▶ [ASSIGNMENT]:
In the records that follow, the lines from the one containing "A worn metal" to the one containing "Mounted on a", inclusive, are to be given again exactly.

DATA SHOWN section start

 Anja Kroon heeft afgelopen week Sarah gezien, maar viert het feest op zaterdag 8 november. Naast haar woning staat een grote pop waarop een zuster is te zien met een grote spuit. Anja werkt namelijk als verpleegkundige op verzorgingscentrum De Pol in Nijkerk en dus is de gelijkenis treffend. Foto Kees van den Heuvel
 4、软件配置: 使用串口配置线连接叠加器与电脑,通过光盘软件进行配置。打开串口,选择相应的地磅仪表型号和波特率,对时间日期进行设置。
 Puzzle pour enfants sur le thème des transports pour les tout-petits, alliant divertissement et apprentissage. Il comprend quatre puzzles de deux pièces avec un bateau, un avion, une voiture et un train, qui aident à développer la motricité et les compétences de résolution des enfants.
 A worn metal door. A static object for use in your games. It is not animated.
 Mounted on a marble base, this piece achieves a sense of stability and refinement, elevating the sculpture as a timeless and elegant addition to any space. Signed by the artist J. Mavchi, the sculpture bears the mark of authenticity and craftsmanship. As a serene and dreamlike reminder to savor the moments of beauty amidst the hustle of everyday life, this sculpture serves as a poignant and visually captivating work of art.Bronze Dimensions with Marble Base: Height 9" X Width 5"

DATA SHOWN section end
DATA SHOWN section start

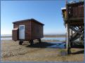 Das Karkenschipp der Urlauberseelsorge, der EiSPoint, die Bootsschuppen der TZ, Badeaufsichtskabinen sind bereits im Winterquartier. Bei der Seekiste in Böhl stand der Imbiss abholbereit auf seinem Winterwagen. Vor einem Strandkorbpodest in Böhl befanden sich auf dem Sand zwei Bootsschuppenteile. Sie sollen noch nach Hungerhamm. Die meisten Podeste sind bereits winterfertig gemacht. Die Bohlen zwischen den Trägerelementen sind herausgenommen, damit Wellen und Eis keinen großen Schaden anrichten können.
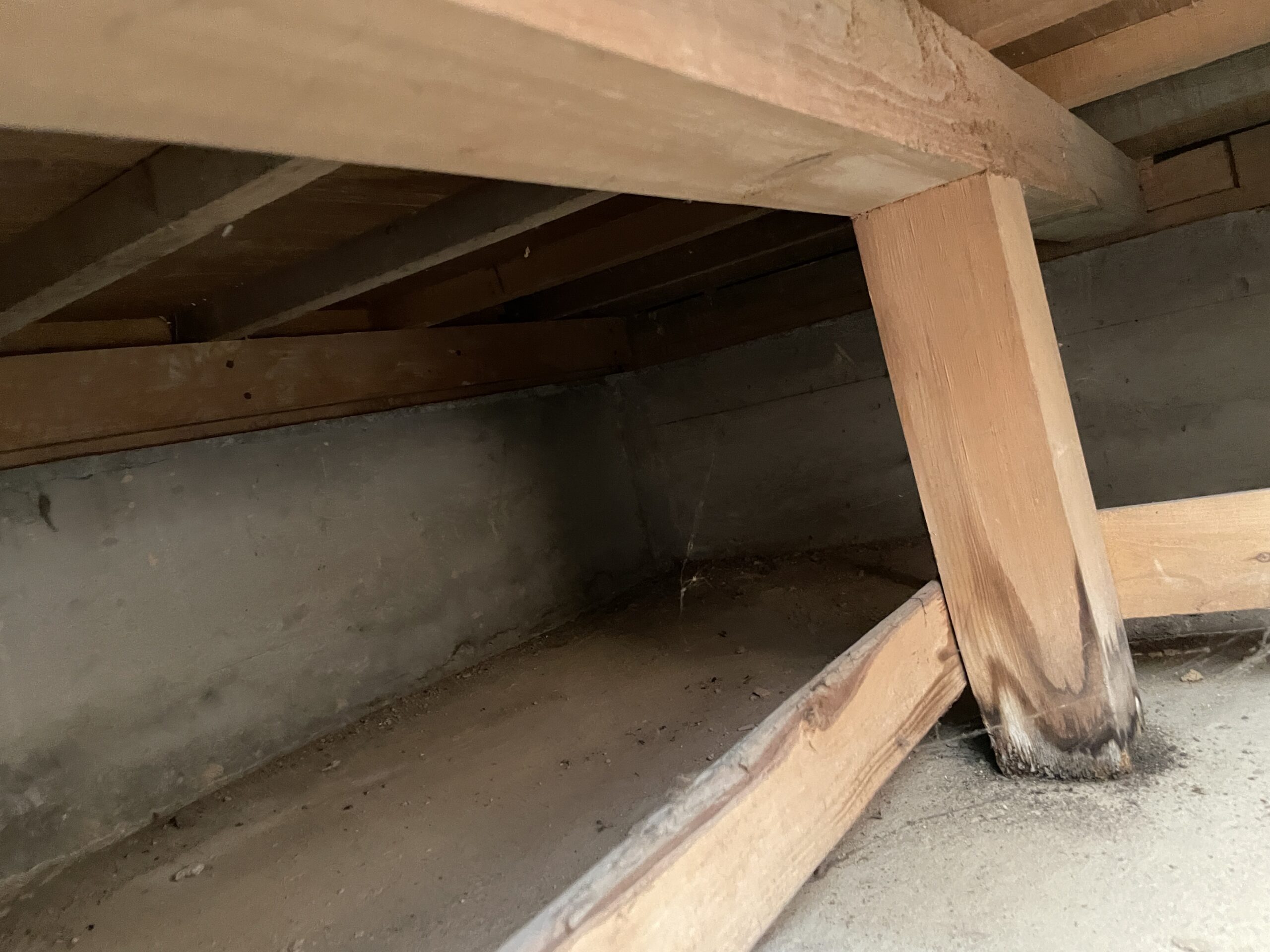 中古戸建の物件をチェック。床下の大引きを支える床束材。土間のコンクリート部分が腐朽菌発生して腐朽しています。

DATA SHOWN section end
DATA SHOWN section start

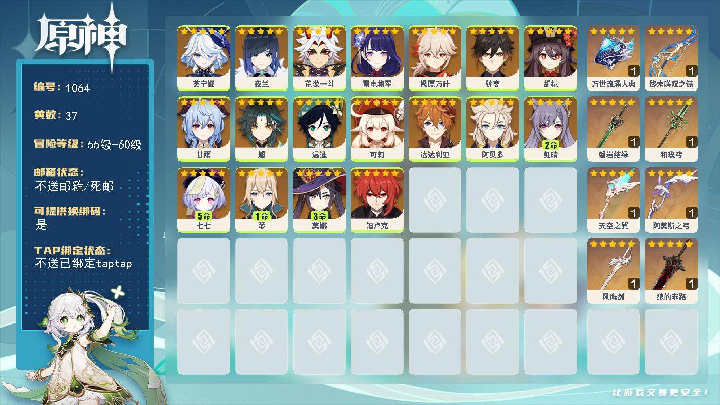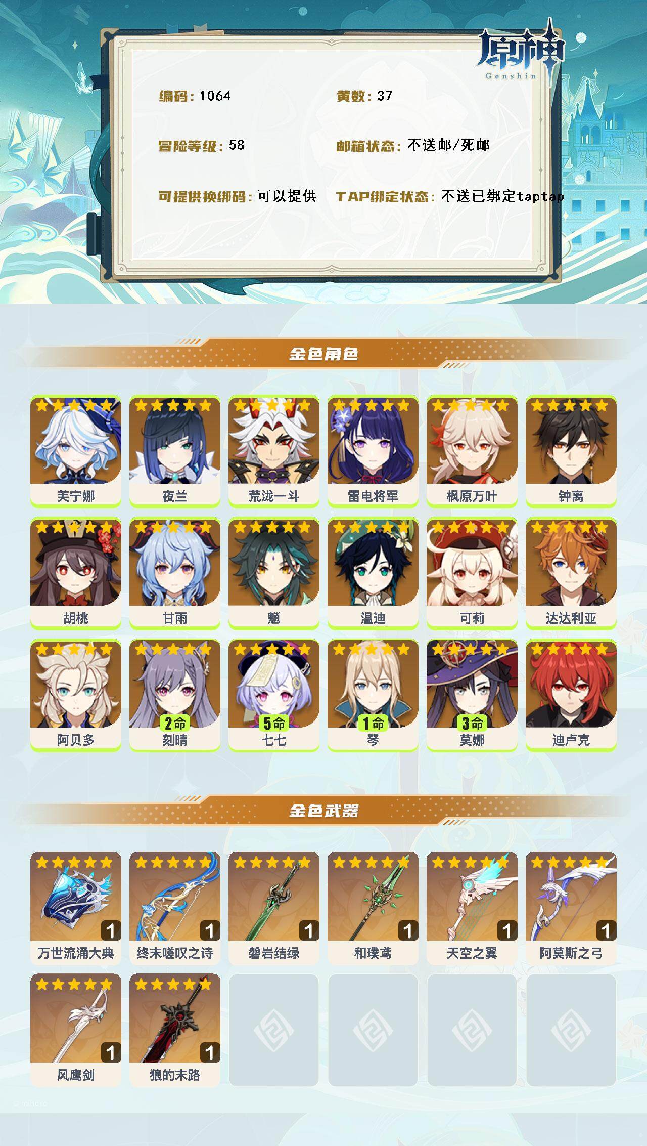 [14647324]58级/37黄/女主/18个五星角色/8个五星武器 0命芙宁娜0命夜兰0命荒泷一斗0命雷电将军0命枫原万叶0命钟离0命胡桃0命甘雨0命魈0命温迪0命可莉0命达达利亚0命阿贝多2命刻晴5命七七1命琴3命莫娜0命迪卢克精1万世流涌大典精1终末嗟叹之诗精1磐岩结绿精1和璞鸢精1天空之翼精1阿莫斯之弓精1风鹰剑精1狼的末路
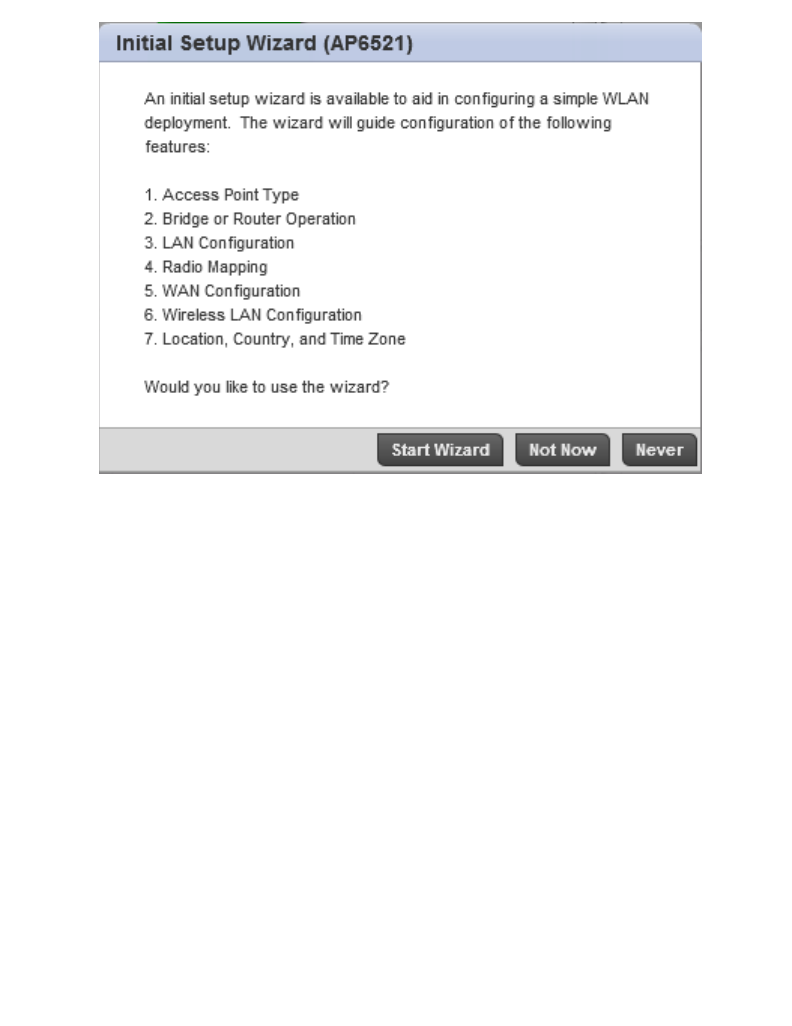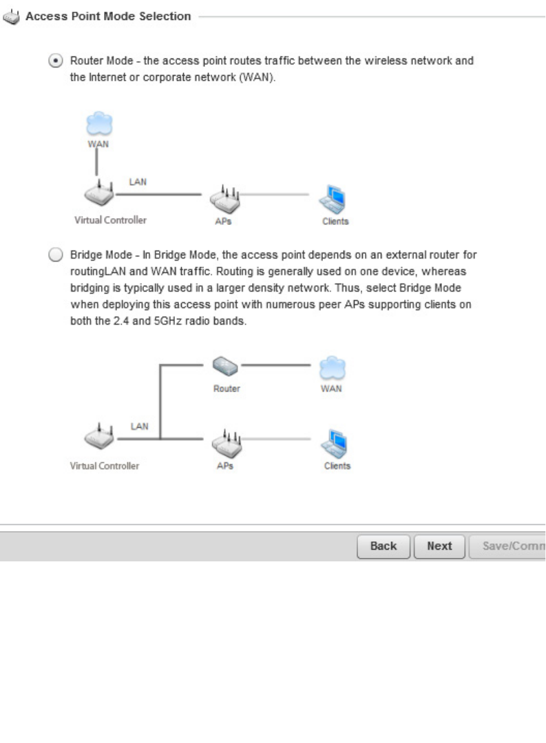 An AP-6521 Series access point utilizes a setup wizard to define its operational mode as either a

DATA SHOWN section end

▶ [EXERCISE SOLUTION]:
 A worn metal door. A static object for use in your games. It is not animated.
 Mounted on a marble base, this piece achieves a sense of stability and refinement, elevating the sculpture as a timeless and elegant addition to any space. Signed by the artist J. Mavchi, the sculpture bears the mark of authenticity and craftsmanship. As a serene and dreamlike reminder to savor the moments of beauty amidst the hustle of everyday life, this sculpture serves as a poignant and visually captivating work of art.Bronze Dimensions with Marble Base: Height 9" X Width 5"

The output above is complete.